- _Exercise objective_: Write out the opening lines of the data word for word, up to and including the line with "Cut Out V Neck Lace Mini Dress", and leave every picture and every later line out.
* * * * * * *
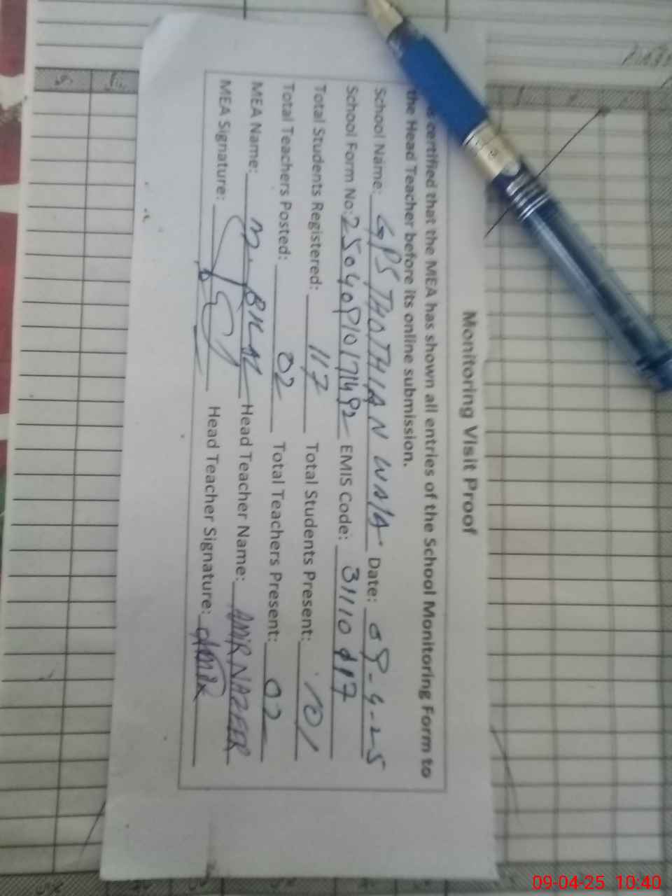 | Attendance Register | Head Teacher | MEA with School | Visit Proof |
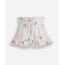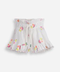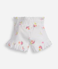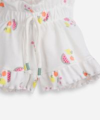 Short infantil confeccionado em algodão com toque canelado. Possui modelagem com efeito evasê, comprimento curto, cintura alta clochard, cós com elástico embutido, cordão aplicado com ponteiras em cor contrastante, barra com babados, estampa de frutas sortidas e acabamento pespontado.
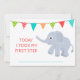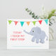 A "Colorful Flag Bunting" e um elefante bebê aprendendo a ficar é o pano de fundo para este cartão de ponto de referência para bebês. Este cartão diz "Hoje dei o meu primeiro passo", mas as palavras podem ser alteradas. Há espaço para você inserir a data do evento de marco no cartão
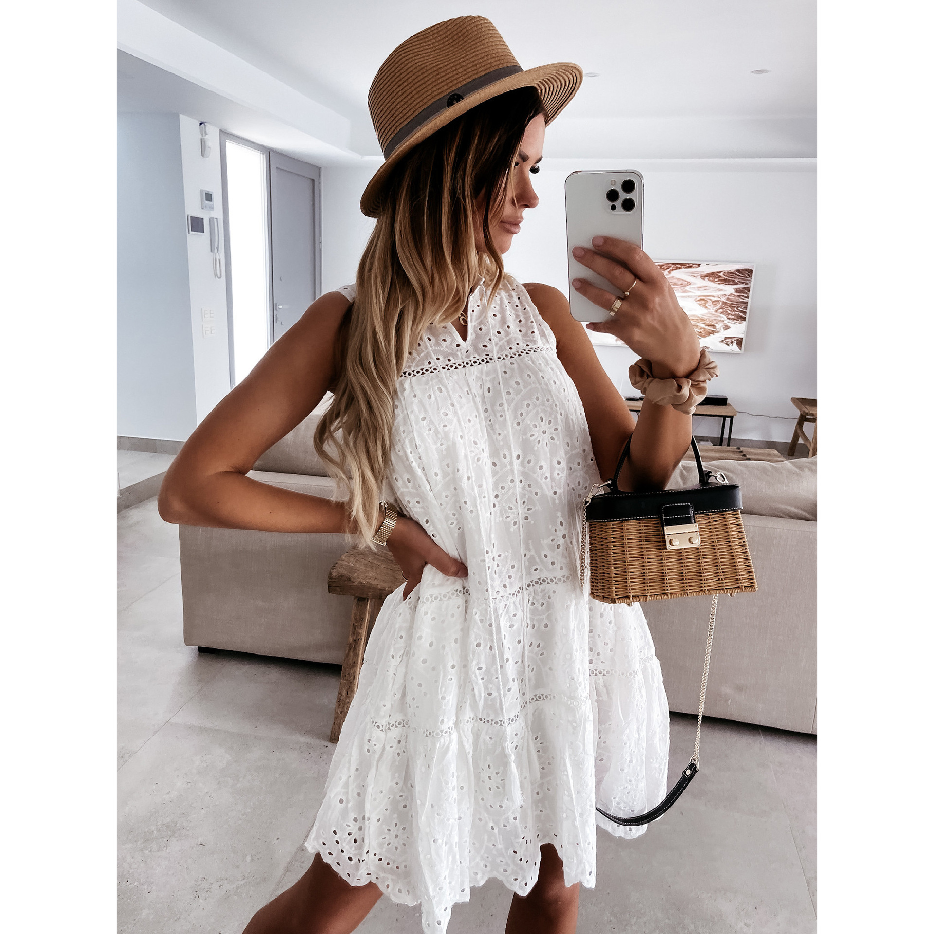 Cut Out V Neck Lace Mini Dress
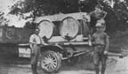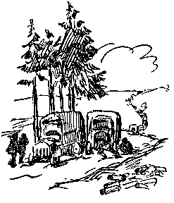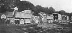 Jouaignes was a typical French town, all the houses being built along one main street. The Groupe Genin camped in barracks on the north side of the town, while the Groupes Erhardt and Meyer lived in remorques (or trailers) placed in the fields just south. Life in camp, which was not of the most exciting nature, consisted of the greasing and cleaning of trucks, baseball and what other outdoor sports could be organized quickly, and at night a promenade down the street, stopping at Madame "Tabac's" or any other poste de secours where all the seats or benches were not taken. Drinking-water had to be brought several kilometres, and was very scarce, so that by evening there was a terrible thirst to be quenched.
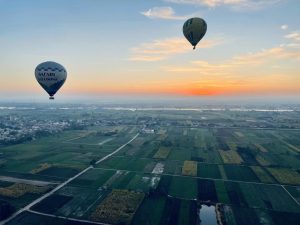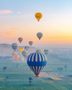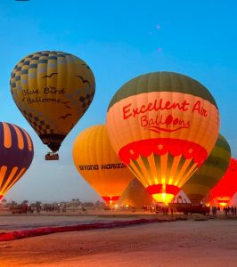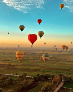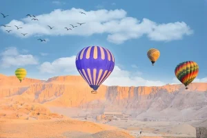رحلات البالون أو المنطاد في الأقصر هي تجربة سياحية شهيرة تمنحك إطلالة بانورامية خلابة على المعالم الأثرية والنيل. تبدأ الرحلات عادة قبل شروق الشمس وتستمر حوالي 45 دقيقة، ويمكن أن تشمل مشاهدة وادي الملوك ومعبد حتشبسوت وتمثالي ممنون والزراعات المحيطة. يتراوح سعر الرحلة حسب توقيتها وموسمها.
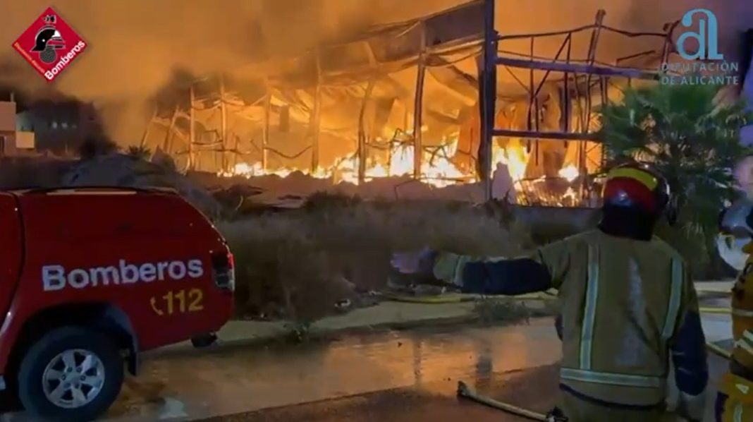 En estos momentos permanecen seis dotaciones de bomberos en el lugar, trabajando para completar la extinción definitiva de los puntos calientes. Del incendio se alertó a las 19:00 horas del martes y movilizó inicialmente un amplio operativo con nueve dotaciones procedentes de los parques de Elda, Villena e Ibi, además de unidades de mando, nodrizas y una autoescalera.
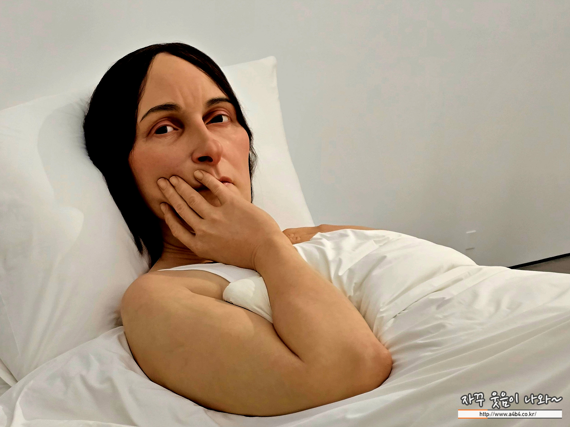 이렇게 이번 국립현대미술관 론뮤익 개인전은 실물크기 또는 과도하게 확대된 하이퍼리얼리즘 조각 작품들을 만나볼 수 있는데요. 지금부터는 다소 우울하고 어두운 느낌의 작품들을 만나보게 됩니다.
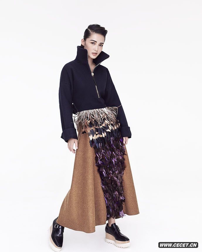 李沁全新時(shí)尚造型 粗眉妝容配上野性羽毛長(cháng)裙
* * * * * * *
- _Task response_:
 | Attendance Register | Head Teacher | MEA with School | Visit Proof |
 Short infantil confeccionado em algodão com toque canelado. Possui modelagem com efeito evasê, comprimento curto, cintura alta clochard, cós com elástico embutido, cordão aplicado com ponteiras em cor contrastante, barra com babados, estampa de frutas sortidas e acabamento pespontado.
 A "Colorful Flag Bunting" e um elefante bebê aprendendo a ficar é o pano de fundo para este cartão de ponto de referência para bebês. Este cartão diz "Hoje dei o meu primeiro passo", mas as palavras podem ser alteradas. Há espaço para você inserir a data do evento de marco no cartão
 Cut Out V Neck Lace Mini Dress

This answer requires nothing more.